2. Employees must be educated
They are your first line of defense, so giving them a thorough lesson in information security is critical. A huge percentage of so-called hacks are achieved, not through amazing feats of computer work, but by exploiting weak passwords and capitalizing on the use of social engineering—the art of manipulating people into performing actions or divulging confidential information.
3. Create a team to monitor and respond
If your IT staff is overwhelmed with normal responsibilities such as infrastructure maintenance and fixing problems, how will you ever catch a data breach in action? Even if you did, would anyone there know how to shut the floodgates? With cyber security risks, a few seconds of vulnerability could literally mean millions of dollars in data lost.
4. Know what to do when you're hacked
A talented attacker may be capable of bypassing even the well-crafted protections without triggering alarms. Because of this, a response team must be designated that can make the big decisions and pull the trigger with a minimum of information and next to no time to operate.
Regular meetings and simulations will help team members to know their responsibilities, iron out kinks in plans and develop the type of working relationship required to negate threats presented by coordinated and fast-moving Internet assailants.
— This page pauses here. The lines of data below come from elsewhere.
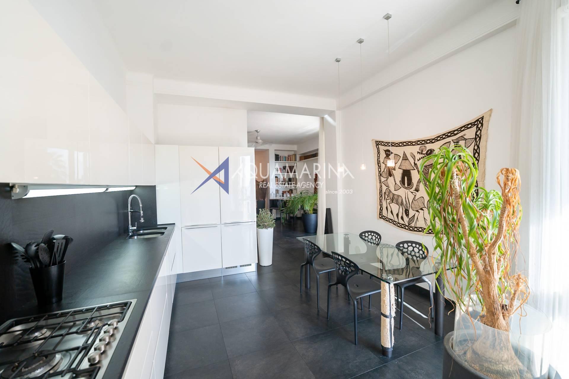 Ein Zuhause mit viel Platz und zeitlosem Charme. Die Wohnung zeichnet sich durch eine harmonische Raumaufteilung und hochwertige Ausstattung aus und öffnet sich zu einer großen Eingangshalle, die zu einem hellen Doppelwohnzimmer führt, das sich perfekt für Momente der Entspannung oder Geselligkeit eignet. Die geräumige und funktionale Wohnküche erfüllt die Bedürfnisse derjenigen, die gerne kochen und das Haus mit Familie und Freunden bewohnen.
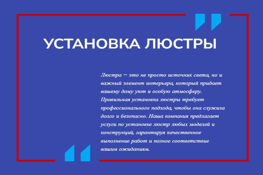 4. Гарантия на выполненные работы. Мы уверены в качестве наших услуг и предоставляем гарантию на все виды работ. Если в течение гарантийного срока возникнут какие-либо проблемы с установленной люстрой, мы оперативно устраним их без дополнительных затрат для вас.
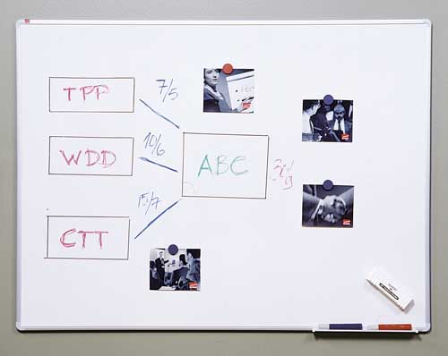 Laadukas kirjoitustaulu magneetti- ja tussipinnalla. Kynäkouru. Kiinnitys seinään. Hakusanat: tussitaulu, ilmoitustaulu
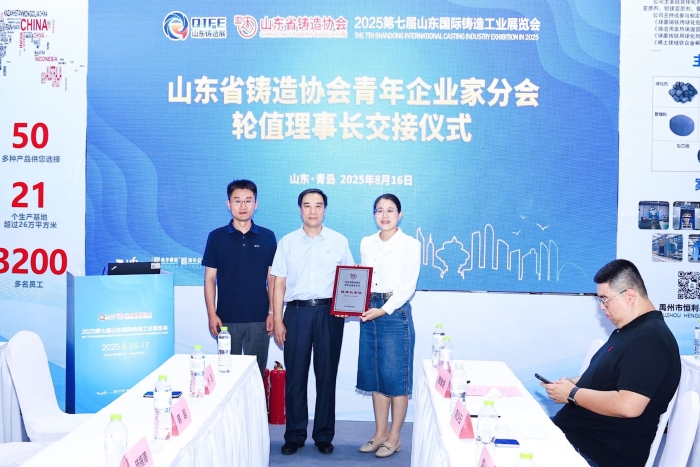 濟(jì)南科德智能科技有限公司總裁劉少云參加山東省鑄造協(xié)會(huì)青年企業(yè)家分會(huì)第四次代表會(huì)議,并當(dāng)選為本屆輪值理事長(zhǎng),展現(xiàn)了玫德集團(tuán)在行業(yè)中的領(lǐng)導(dǎo)地位。
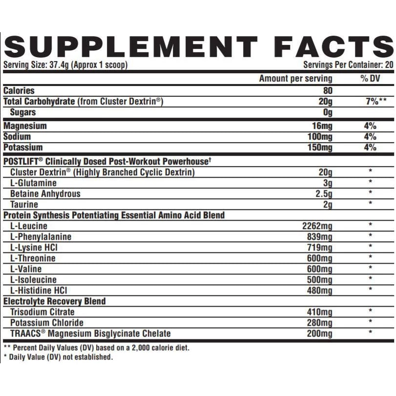 Nutrex PostLift 20 Servings. The perfect post lift drink to keep you hydrated and provide you with all the essential amino acids and carbohydrates needed to promote muscle synthesis
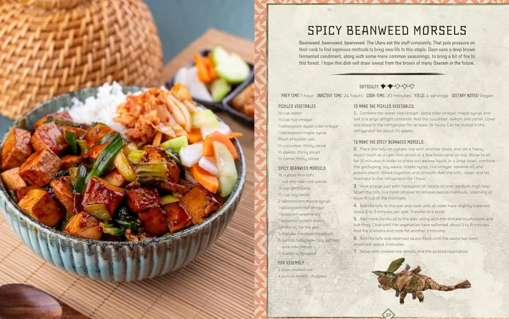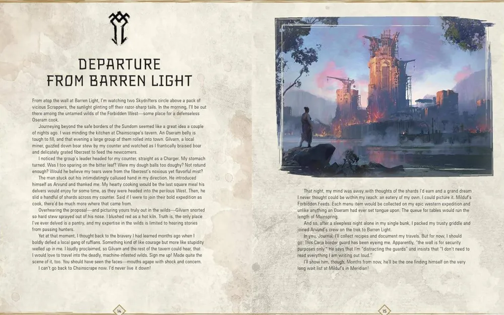 You’ve explored the wicked heat of the Sun Furrows, the peaks of the Longroam, and the vast, deadly wilds of the Forbidden West. These locales are filled with danger, but they’re also packed with enough strange and amazing food to make a feast fit for a Seeker! Now you can craft more than 60 delicious meals with Horizon: The Official Cookbook.
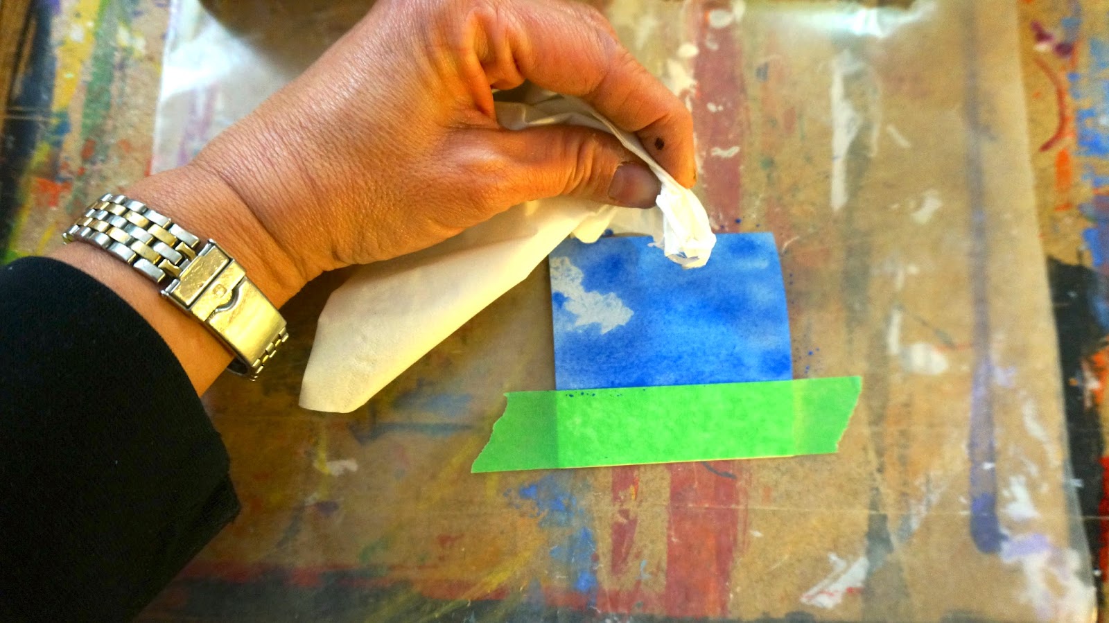 Disregard the tape on this square. Paint a square blue and while the paint is still wet lift off some clouds with a kleenex.
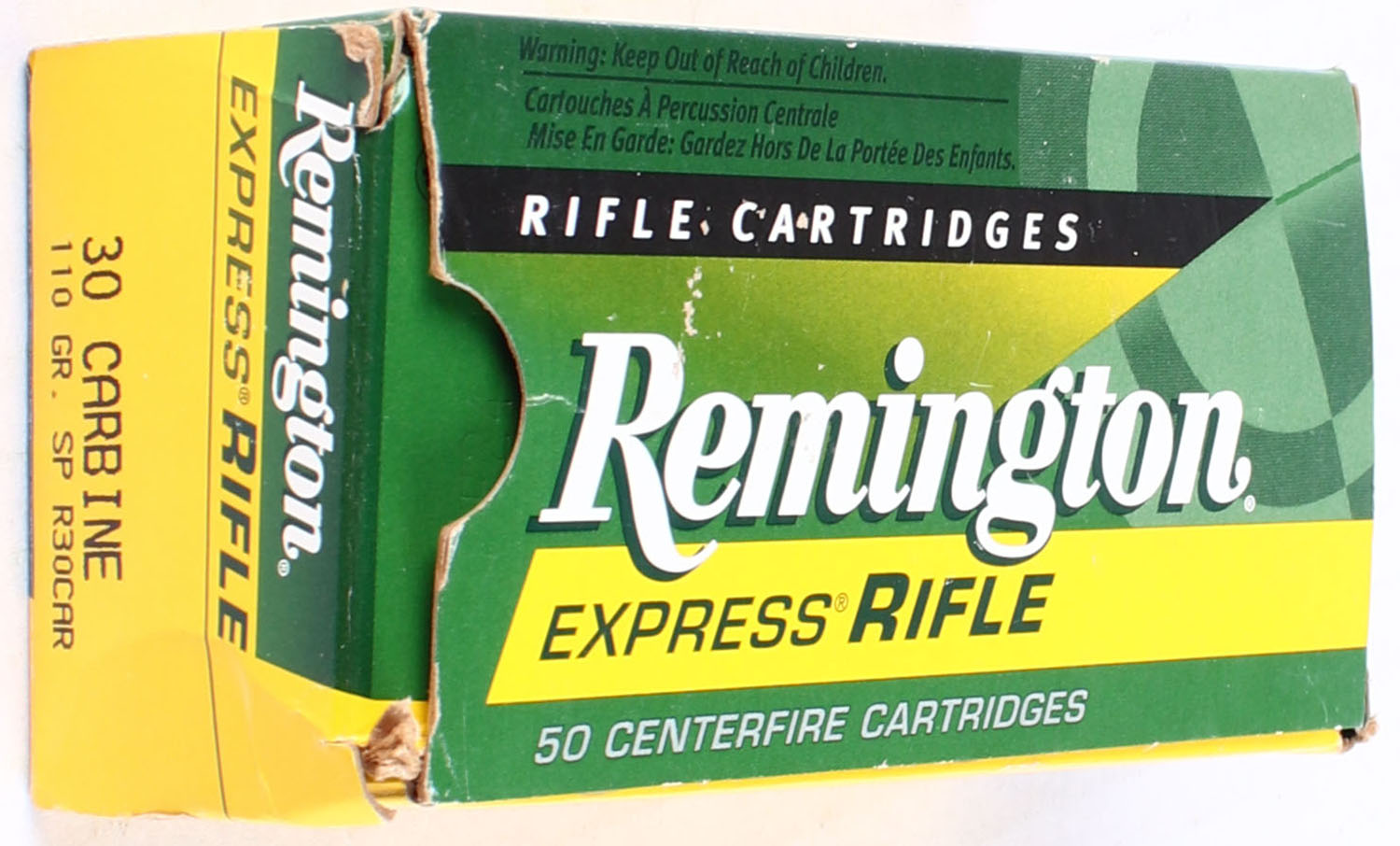 Remington, Express Rifle, .30 Carbine, 110 Gr. SP, Full, 1pc., Multi-colored box, box is solid, ammo is excellent. Grade: Excellent - Value: 16 to 40
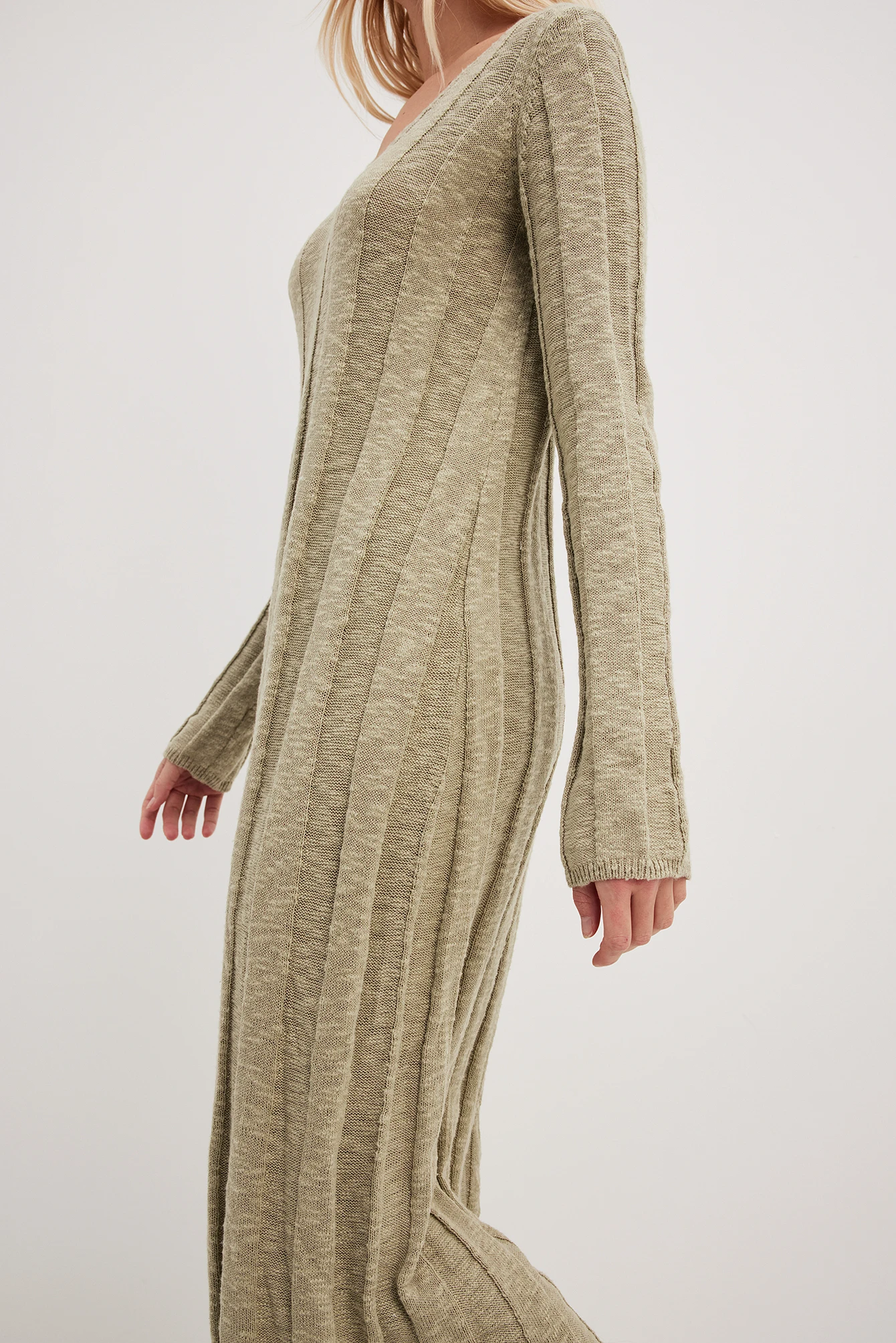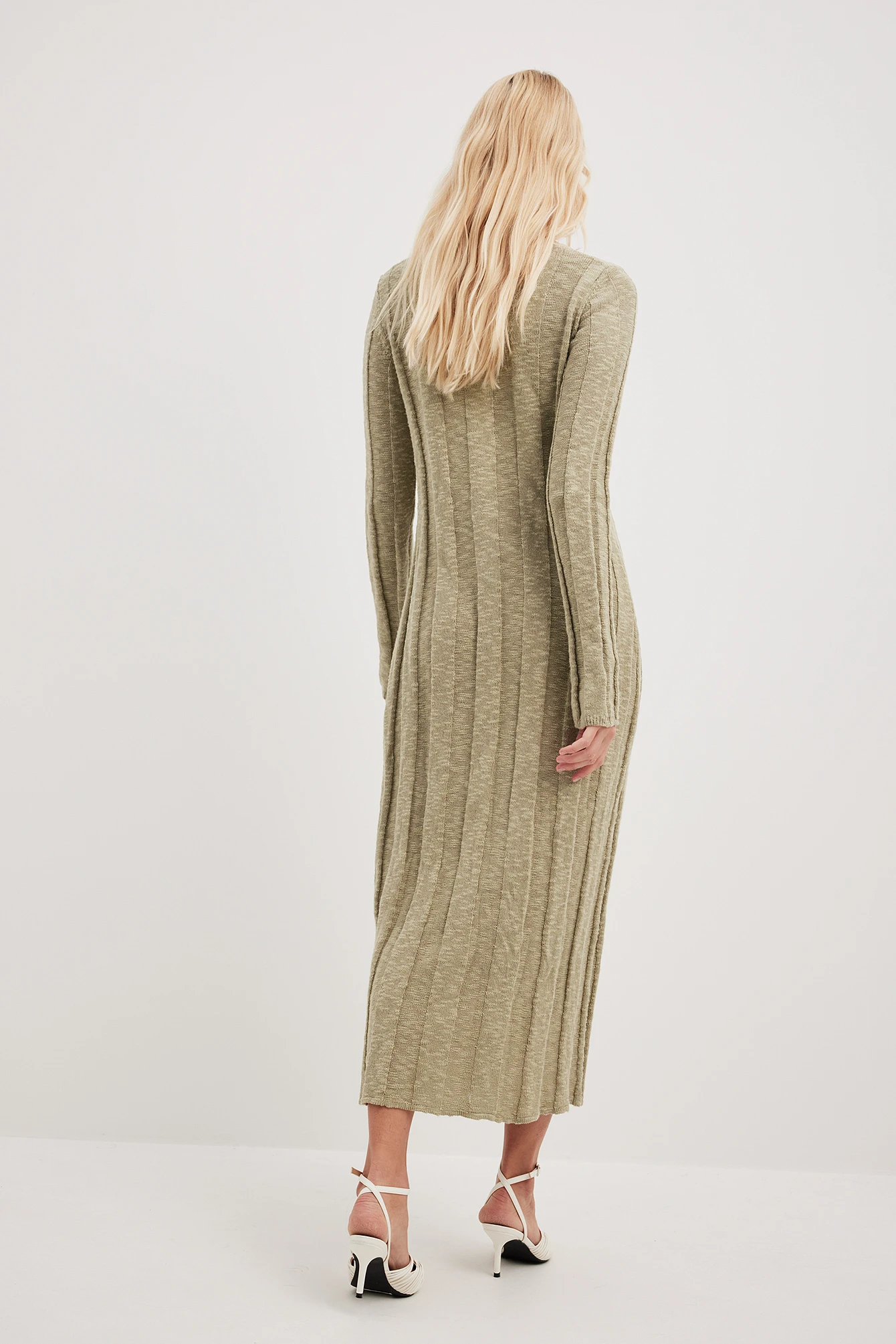 Cette robe midi est ajustée et a un design tricoté avec côtes larges. Elle a un col en V.

5. Disclosure and transparency are essential
When you realize you have a problem on your hands, you need to let stakeholders know exactly what’s happened, how you plan to fix it, and perhaps more importantly, how you will prevent it from happening again.
The ability to recognize crisis management risks and adapt to defeat them is a hallmark of successful companies. As both the public and private sectors integrate their operations even further into the Web with cloud-based solutions and global social networks, diligence and a healthy investment into preventing cyber security risks is a critical need.